Q: I have to ask from one busy mom to another, how do you manage to balance your busy schedule? What prioritization and time management skills have you learned from embracing the saints as spiritual companions?

You know, I have my tricks and quirks like everyone else, but the best lesson I ever learned from the saints about time management is the one nearly all of them cribbed from Jesus Himself in Luke 10:42. Busy bee Martha is complaining about her sister Mary leaving her to do the grunt work while Mary sits listening at the Lord’s feet. Jesus gently but firmly sets Martha straight. He says, “Mary has chosen the one thing necessary” – that is, to give her first and best attention to Jesus – “and it shall not be taken from her.” Prayer is where it all begins. Mother Teresa used to tell her sisters that if they didn’t have time to pray each day, they had no business going out to serve the poor in Jesus’ name. They’d do more harm than good. It’s true for all of us.
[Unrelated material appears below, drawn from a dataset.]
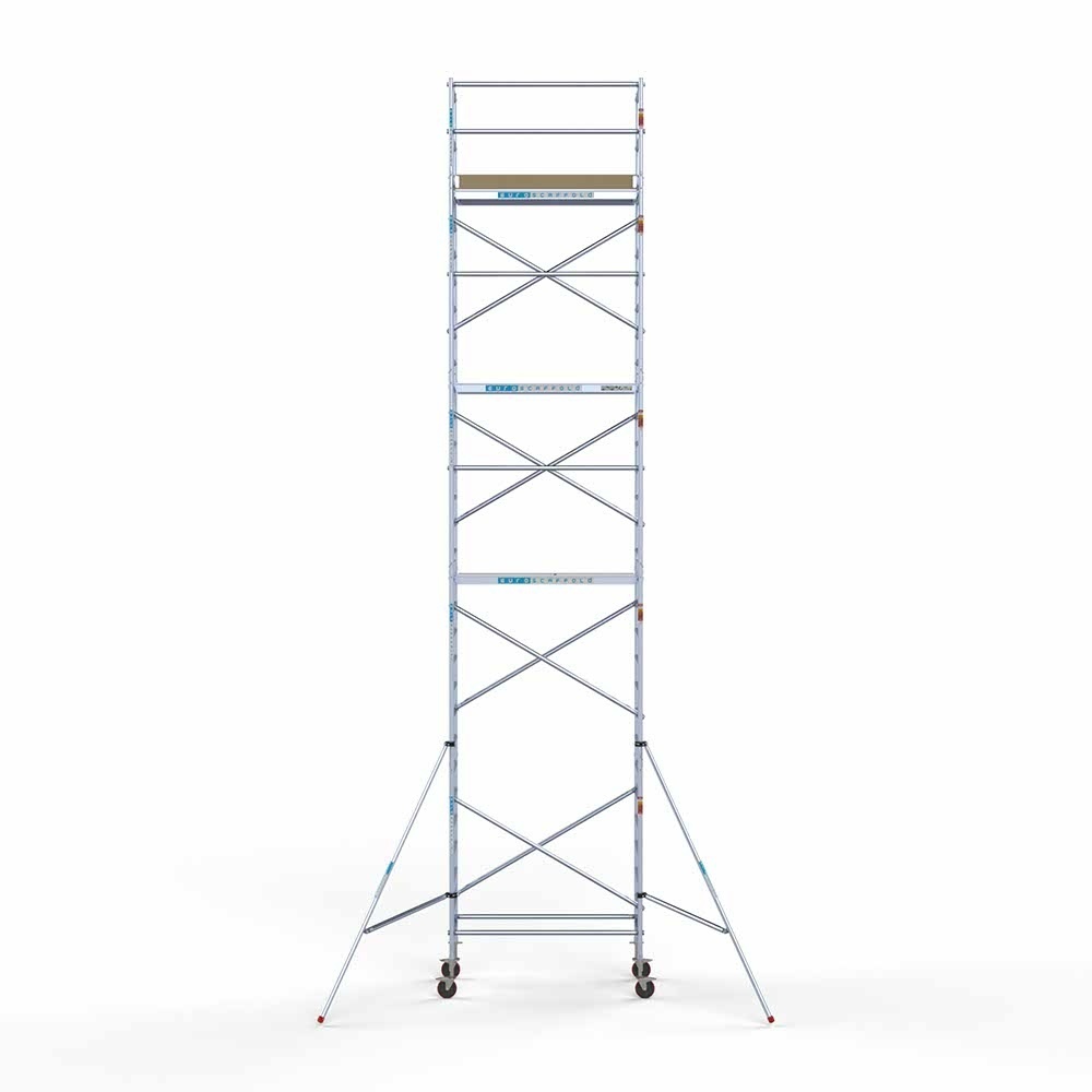 Deze steiger voldoet niet alle verplichtingen voor professioneel gebruik en mag hierdoor ook niet zo aangeboden worden (een platform minder). De rolsteiger heeft een draagvermogen van 250 kg per platform en 750 kg per steiger. De rolsteiger wordt geleverd met alle benodigde onderdelen, zoals frames, schoren, wielen, borgclips en stabilisatoren. Daarnaast beschikt de Basis rolsteiger van Euroscaffold nu ook over een basis-voorloopleuning. Hiermee bouwt u de rolsteiger extra veilig op en werkt u veilig op hoogte.

I forget it sometimes – almost always to my regret, when I see how fruitless all my rushing around without prayer has been. Most days I manage to remember it, though, and I’m amazed at how God blesses my time as long as I reserve some just for Him each day. It’s a loaves-and-fishes effect – He multiplies even my humblest offerings. 

Q: What words of wisdom can you share with readers who may not truly understand a faith-filled Catholic's devotion to the saints?

Think of it this way: We ask friends and family, even total strangers, to pray for us. We conduct countless informal polls, chatting up everyone from store clerks and coworkers to hairdressers and neighbors for their take on our various problems. And we all look up to people, whether for noble reasons (“I wish I had her patience”) or silly ones (“I wish I had her waist”).

So why, when it comes to the spiritual life, do we think it’s so bizarre to seek out the prayers, advice and friendship of the saints? To try to imitate those who are enjoying the eternal bliss with God that we hope to someday share? God created each of us as individuals, yes, and we must each travel our own road toward Him. But He doesn’t demand that we reinvent the wheel. We’ve had two millennia of men and women striving to follow Jesus in this fallen world. Why should we ignore their wisdom? Why refuse to learn from those who already ran this race and finished well? Sure, we can lean only on Jesus. But Jesus didn’t save us alone. He saved us as part of a family. And the family of God – the communion of saints – is our family, too.

Q: Just for today (knowing that your answer likely changes daily, as mine does) who is your favorite saint?

Mary. For reasons already mentioned, she’s my “go-to” for just about everything. I learn something from each saint I encounter; I love aspects of all of them. But Mary is my mother. I feel her hand in my life in just that way – the loving, protecting and guiding hand of a mother. She always leads me to Jesus. 

Q: What's next for you personally and professionally?

I’m speaking quite a bit this year, about my book and other topics, at conferences from right here in Washington, D.C., to Avila, Spain, and many points in between. If your readers want to catch up with me, they can check out my website, www.colleen-campbell.com, to see where I’ll be in 2015.

I’m also continuing to write. I’m very interested in topics related to family life which were raised by the recent Extraordinary Synod in Rome. They are some of the same topics that I’ve focused on throughout my print and broadcast journalism career, especially in recent years, as they have become so personally relevant to me. John Paul II said, “As the family goes, so goes the nation, and so goes the whole world in which we live.” Those words are truer today than ever. So we have a lot of work to do to renew the culture, the Church and the family. I hope I can play a role in that – in public life, as a writer and speaker, and in my own domestic church, as a Catholic wife and mom.